Orbitals while transitioning from free electron to ground state

[rconde01]

I was thinking of putting together a visualization of electron orbitals as it transitions from unbounded or weakly bounded state to the ground state. However, it occurred to me that orbitals are symmetric about the proton. At some point the probability distribution must become asymmetric eventually approaching a point. What am I missing?

 

[DrDu]

The Coulomb potential always has an infinite number of bound states however weak you chose the central charge. So there won't be a transition from unbound to bound.

 

[UltrafastPED]

You are assuming that all of the atomic hydrogen orbitals are spherically symmetric - s orbitals - but these are not the only ones: http://en.wikipedia.org/wiki/Atomic_orbital#Orbitals_table

 

[Khashishi]

Dr. Du, of course you can transition from unbound to bound. This is called recombination emission.

The "s", "p", "d", "f"... orbitals are just one way of representing the state, which can have almost arbitrary shape of the electron distribution. The arbitrary shape will be some superposition of orbitals. It is analogous to how an arbitrary wave is a superposition of frequency components. Just as a localized wave-packet doesn't have a single frequency, a localized electron doesn't have a single orbital state.

A weakly bounded atom is called a Rydberg atom. http://en.wikipedia.org/wiki/Rydberg_atom
This is a case where a classical representation (planetary model) of an atom can be useful. The corresponding quantum state is some kind of coherent state of the Rydberg atom which mixes angular momentum states.

You might be able to find something by searching for coherent states of Rydberg atom. Good luck. It's not an easy problem. I'm interested in how the results look.

 

[DrDu]

Dr. Du, of course you can transition from unbound to bound. This is called recombination emission.

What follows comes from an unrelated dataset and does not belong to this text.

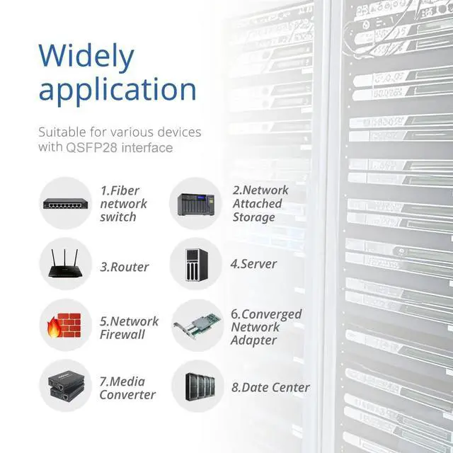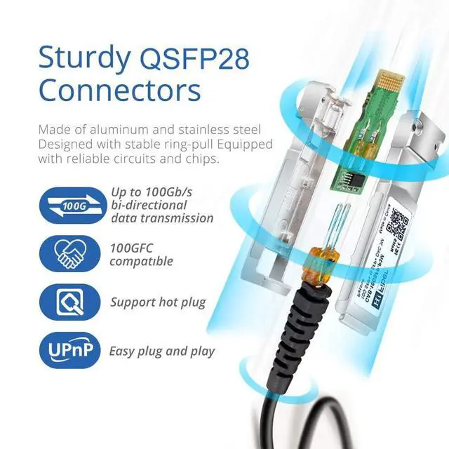 100G QSFP28 to QSFP28 Direct Attach Copper Twinax Cable, Passive, up to 100Gb/s data rate, 0.5 -meter ( 1.64 ft). DAC Length= with 2 QSFP28 connectors. Support Hot-pluggable. ^^ 100GBASE-CR4 DAC widely compatible with Cisco QSFP-100G-CU 0.5M, Ubiquiti, Meraki, Mikrotik, Netgear, D-Link, TP-Link, Linksys, Broadcom, Zyxel, Quanta, Solarflare, PaloAlto, F5, etc. ^^ 100G QSFP28 DAC cable fully compliant with SFF-8436 specification and provide connectivity between devices using QSFP28 ports. ^^ 100G DAC cable is a high speed, cost-effective 100Gbp/s Ethernet connectivity solution designed to meet the growing needs for higher bandwidth in data centers.

Of course. Apparently I was thinking in something completely different to what the OP was asking.

 

[ZealScience]

It occurs to me if you stick to the simple model of Couloumb potential you are never going to do so. Since central potential has parity symmetry, which means the wave functions chosen are always symmetric or antisymmetric... I think for the more realistic situation, models in condensed matter might be more applicable.